How R Scripts Call H2O GLM

The following diagram shows the different software layers involved when a user runs an R program that starts a GLM on H2O.

The left side shows the steps that run the the R process and the right side shows the steps that run in the H2O cloud. The top layer is the TCP/IP network code that enables the two processes to communicate with each other.

The solid line shows an R->H2O request and the dashed line shows the response for that request.

In the R program, the different components are:

  • the R script itself
  • the H2O R package
  • dependent packages (RCurl, rjson)
  • the R core runtime
../_images/start_glm_from_r.png


The following diagram shows the R program retrieving the resulting GLM model. (Not shown: the GLM model executing subtasks within H2O and depositing the result into the K/V store or R polling the /Jobs.json URL for the GLM model to complete.)

../_images/retrieve_glm_result_from_r.png


An end-to-end sequence diagram of the same transaction is below (click on the diagram to zoom). This gives a different perspective of the R and H2O interactions for the same GLM request and the resulting model.

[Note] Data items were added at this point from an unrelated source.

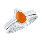 Pear Cut Fire Opal Trio Wedding Ring Set with Moissanite
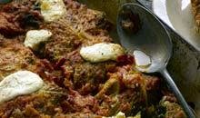 Preheat the oven to 180C/350F/ gas mark 4. If the stems of the cabbage leaves are thick, pare them down a bit with a vegetable peeler. Blanch in boiling, lightly salted water for three minutes, refresh and pat dry.
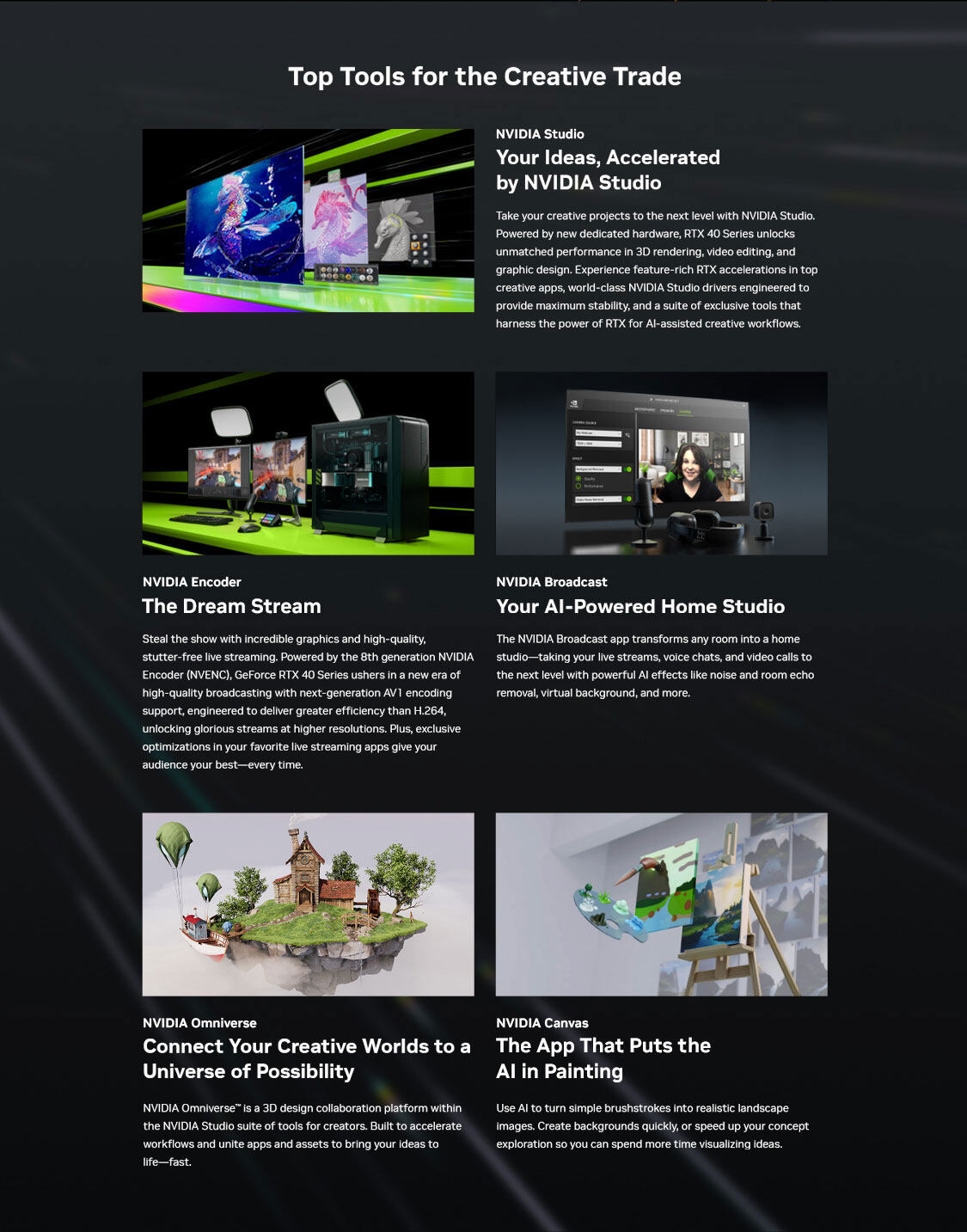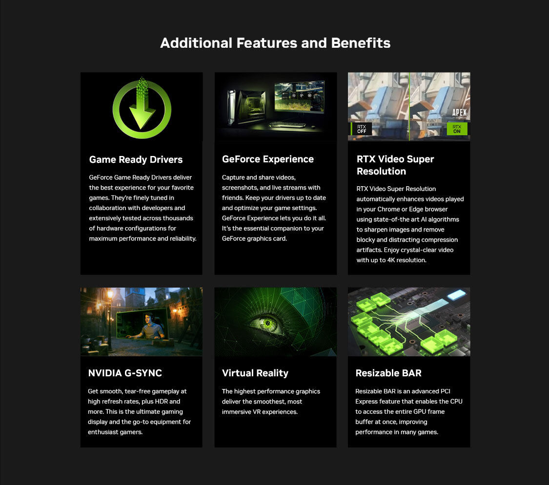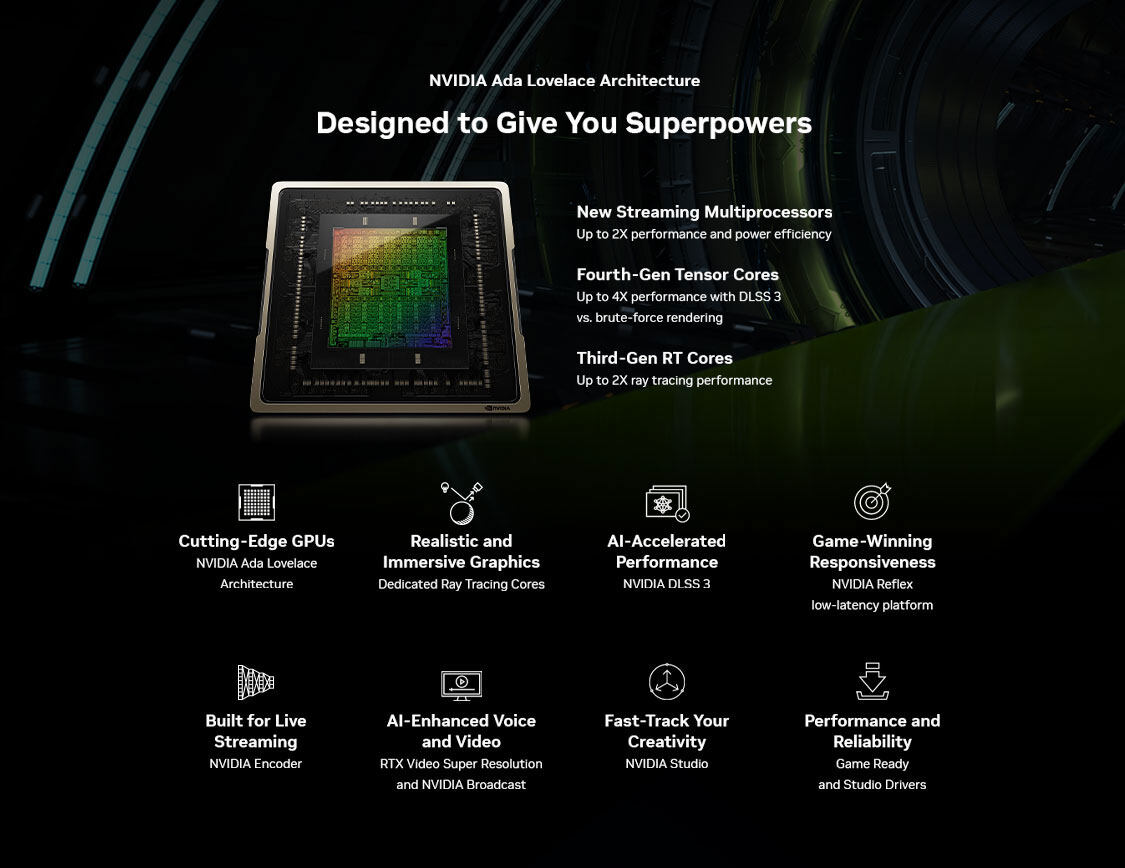 | NV TECHNOLOGY SUPPORT | NVIDIA DLSS 3, NVIDIA G-SYNC, 3rd Gen Ray Tracing Cores |

../_images/run_glm_from_r.png



How R Expressions are Sent to H2O for Evaluation

An H2O data frame is represented in R by an S4 object of class H2OParsedData. The S4 object has a @key slot which is a reference to the big data object inside H2O.

The H2O R package overloads generic operations like ‘summary’ and ‘+’ with this new H2OParsedData class. The R core parser makes callbacks into the H2O R package, and these operations get sent to the H2O cloud over an HTTP connection.

The H2O cloud performs the big data operation (for example, ‘+’ on two columns of a dataset imported into H2O) and returns a reference to the result. This reference is stored in a new H2OParsedData S4 object inside R.